Bex wrote about it earlier today. I've been following the updates online since talking to the Goldstein clan while they were being evacuated from Encinitas, texting them updated road closures on the route to Palm Springs, where they were headed to Grandma's. Southern California is burning all up.

This map scares the shit out of me. Right now there are TWENTY fires listed from Santa Maria to San Diego. The satellite photo posted by Bex reminds me of this one from a few months back of the Greek islands. Is it really a coincidence that all of these fires are burning all at once?
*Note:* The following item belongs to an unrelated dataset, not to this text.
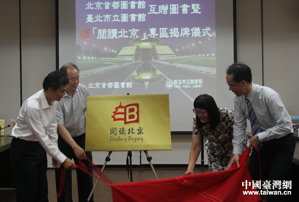 北京文化局副局長呂先富(左一)、北京海峽兩岸民間交流促進會副會長黃塞溪(左二)、臺北市文化局副局長李麗珠(右二)、臺北市立圖書館館長洪世昌(右一)共同為“閱讀北京”專區揭牌。(中國臺灣網 王思羽 攝)

Living in the cool wet climate here, it is easy for me to forget about how the hot dry Santa Ana winds make you feel like you will spontaneously combust at the next spark on your skin or static charge through your hair. Yes, gale force winds (hurricane wind speeds, according to NPR) and the dry parched chaparral that practically wills itself to burn - part of the landscape life cycle - are completely conducive to these types of fires, of course living in California there are out of control fires almost every year. But look at the map, look at this sat photo:



Is that how it happens, really? Do 15 or 20 fires spontaneously erupt in a two day span up and down the lower left of a state?

I don't know how many people have died so far, nor how many homes have burned. I know the fire crews are worn out and that people are scared and that there are no answers that satisfy anyone at this time. One fire commissioner said today that several of the SD fires will probably just have to burn down to the water's edge, that there are simply not enough resources to win the battle on every flaming front at this point. Which reminds me - where's the National Guard, and don't they usually come out and assist in local disasters like this?

Oh yeah.

1 comment:

Bexy said...

I talked to Sami today - and she agrees with you: this can't be a coincidence. She thinks some of them have to be arson (she heard that there were 3 separate fires started in Irvine, for example).

And the resources are thin near Ventura County too - she heard that they are putting a lot of resources in Malibu but will probably not put that much in Santa Clarita since there it's mostly forest that's burning. Nice.

She said that there were also fires in Camarillo and Agoura. And that Fillmore is on alert that they might have to evacuate. WTF?!

And the hurricane winds over 100mph? Again, WTF?!